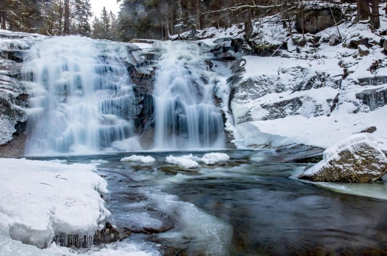 jezera, kde se ve studeném světle třpytí ledové krystalky
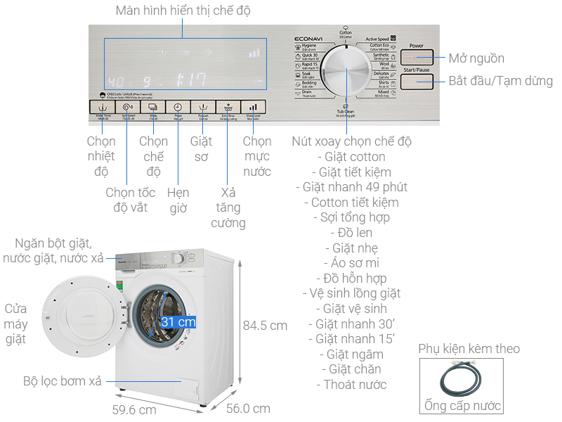 • Cảm biến Econavi kết hợp giặt cảm biến 3D giảm thiểu tối đa chi phí cho gia đình.
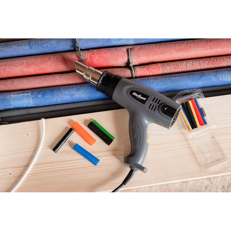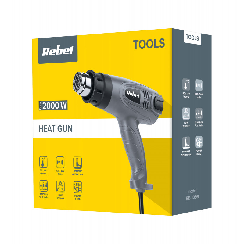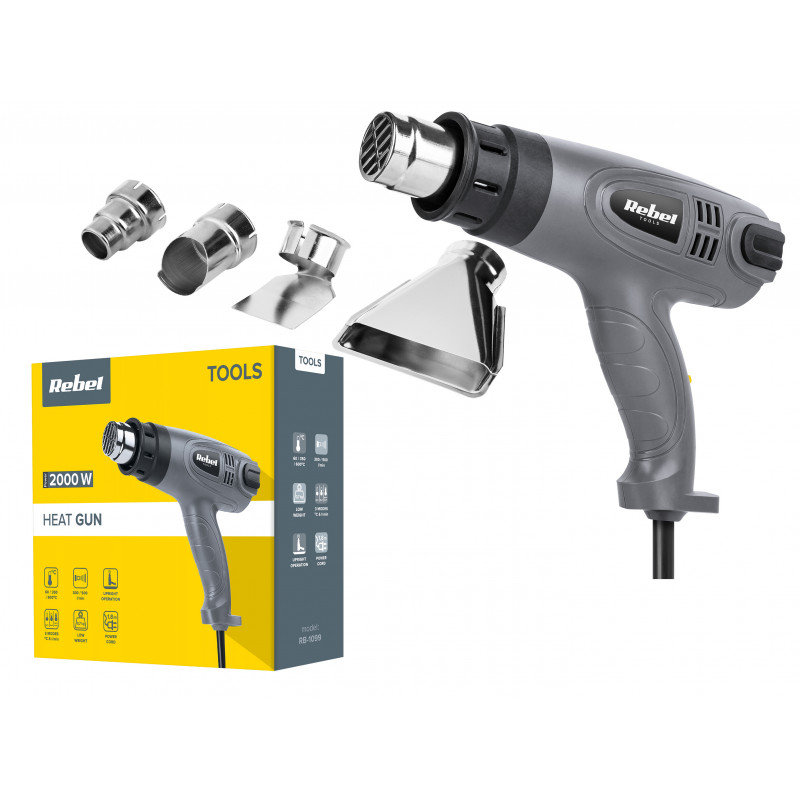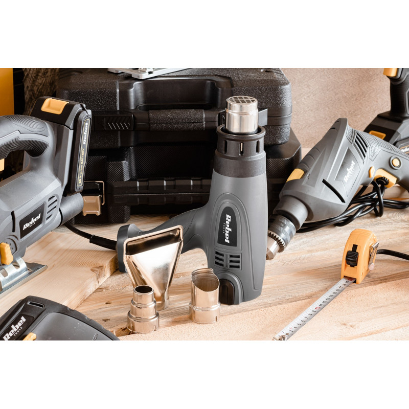 Wśród elektronarzędzi w Twoim warsztacie nie może zabraknąć opalarki Rebel Tools. Urządzenie to posiada trzy poziomy ustawienia temperatury i przepływu powietrza, co w połączeniu z czterema nasadkami na dyszę, pozwoli wykorzystać je nie tylko do usuwania starych powłok malarskich, ale też do wielu innych zastosowań np. zgrzewania elementów z tworzyw sztucznych, odmrażania rur, suszenia pomalowanych powierzchni czy odklejania naklejek. Aby zapewnić maksymalny komfort i skuteczność w czasie pracy, opalarka Rebel Tools przystosowana została także do pracy dyszą do góry, co może się przydać podczas wychładzania urządzenia lub długotrwałej pracy wymagającej, by strumień ciepłego powietrza był skierowany pionowo do góry.

--- PROMPT ---
Retype the data exactly; images stay out.

--- THE COMPLETED TASK ---
 jezera, kde se ve studeném světle třpytí ledové krystalky
 • Cảm biến Econavi kết hợp giặt cảm biến 3D giảm thiểu tối đa chi phí cho gia đình.
 Wśród elektronarzędzi w Twoim warsztacie nie może zabraknąć opalarki Rebel Tools. Urządzenie to posiada trzy poziomy ustawienia temperatury i przepływu powietrza, co w połączeniu z czterema nasadkami na dyszę, pozwoli wykorzystać je nie tylko do usuwania starych powłok malarskich, ale też do wielu innych zastosowań np. zgrzewania elementów z tworzyw sztucznych, odmrażania rur, suszenia pomalowanych powierzchni czy odklejania naklejek. Aby zapewnić maksymalny komfort i skuteczność w czasie pracy, opalarka Rebel Tools przystosowana została także do pracy dyszą do góry, co może się przydać podczas wychładzania urządzenia lub długotrwałej pracy wymagającej, by strumień ciepłego powietrza był skierowany pionowo do góry.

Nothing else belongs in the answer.